好好的一場花鶯子的戲被攪合的零七八碎,嚴決明很不爽。

我惦記著秦離若走時說的話,什麽人的信件,會寄到國子監?

沒有對嚴決明隱瞞,將秦離若所說全盤托出。

嚴決明沒想到,就在自己眼皮底下,這樣重要的信息他竟然沒有聽到,一時氣的抓狂。

但是他氣著氣著卻又笑了起來,心情極好地表示要晚間重新請我吃酒,讓我一時間摸不著頭腦。

國子監的傍晚籠罩在落日餘暉下,秦離若站在門口張望著,直到目光定格在我的身上。

隔著老遠,我都看到他潔白的虎牙暴露在夕陽下。

可是很快地,當嚴決明出現在我身後時,他的笑容便消失了。

“沒想到,嚴侍郎也來了。”

秦離若還算客氣,抬手間玄紋雲袖的丹青長袍垂落,露出片片瘀青。

傷痕一閃而過,很快便被他的雲袖遮擋,消失不見。

“信呢?”沒有停留,我直接張口索要起來。

“...這麽久沒見了,沒有什麽話想跟師兄講嗎?”

秦離若目光炯炯地盯著我,沒頭沒尾地說了句:“阿娘回祗塢縣了。”

“哦...”我淡淡地應了句:“那挺好的...”

“亞子,我很想你。”

“恭喜秦大人,賀喜秦大人。”嚴決明在我身旁突然拱手相賀:“聽聞祭酒最近又納新人,真是好事成雙,上月我與亞子在前線時,便聽聞祭酒納了兩房姬妾,還未來得及相賀,如今倒是要好好上門道喜一番了。”
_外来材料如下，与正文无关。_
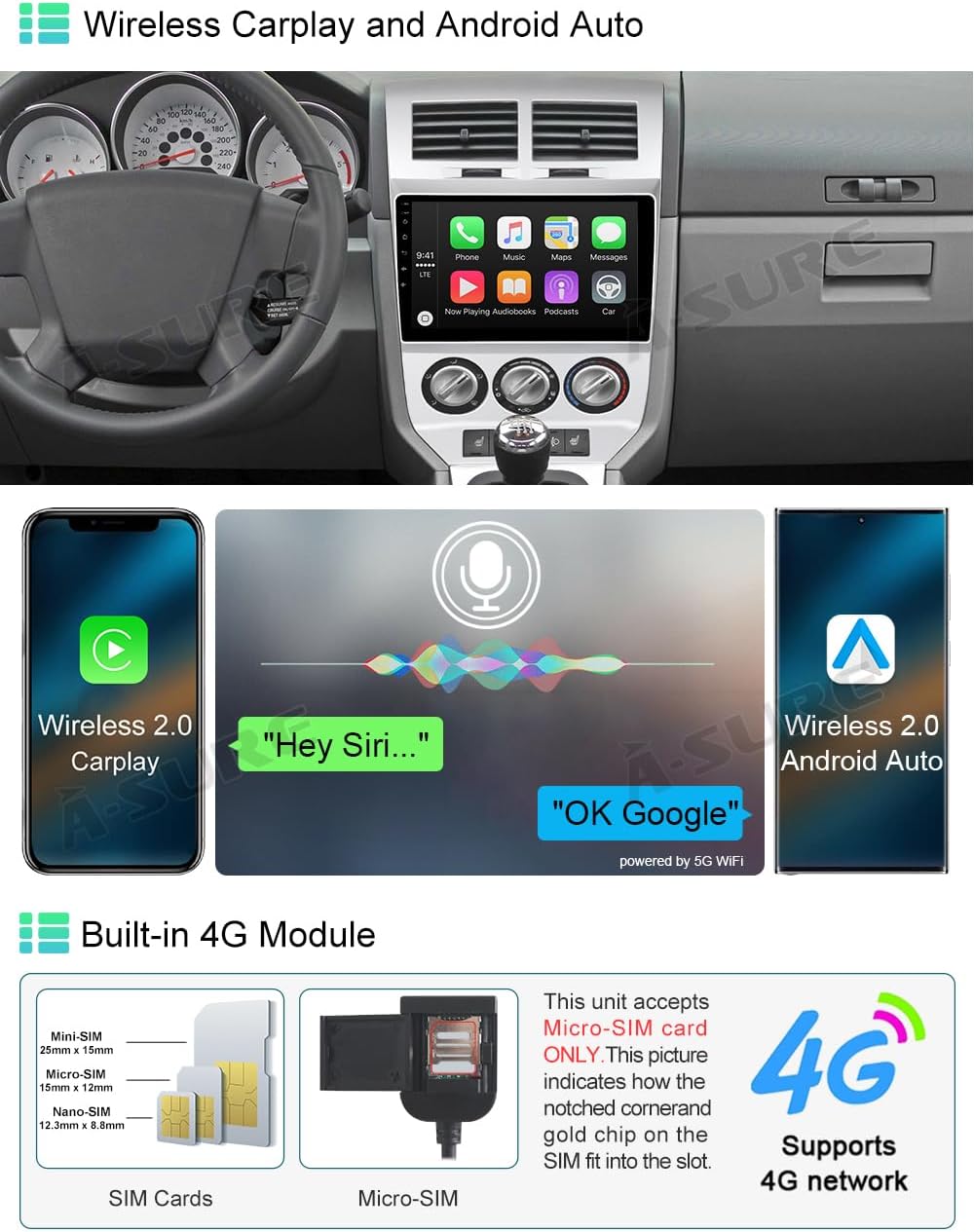 【Wireless/Wired CarPlay & Android auto】Built-in wireless Carplay and wired Android Auto(using the 6 pins USB cable),click carLink icon to start CarPlay or Android Auto function,very convenient to operate,free your hands,keep you stay focused and enjoy entertained while driving
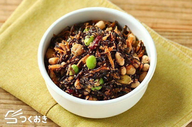 ひじきと豆の五目煮は、一度に5品目とれるヘルシーな一品です。干ししいたけや人参、油揚げの旨味が染み込んだひじきは、やみつきになる味わい。冷たいままでも温めてもおいしいので、常備菜に最適です。

秦離若的表情焦慮起來,他低下頭,不再看我,雙拳握緊在身旁兩側,並不答話。

盯著他緊握的手掌,我看到他的骨節發白,指甲嵌進了肉裏,可他絲毫沒有放鬆。

“恭喜了,師兄。”

想了想,我還是說出口:“並不是想刻意與大人劃分界限,隻是你我之間關係微妙,大人已娶妻,自然要避嫌的。”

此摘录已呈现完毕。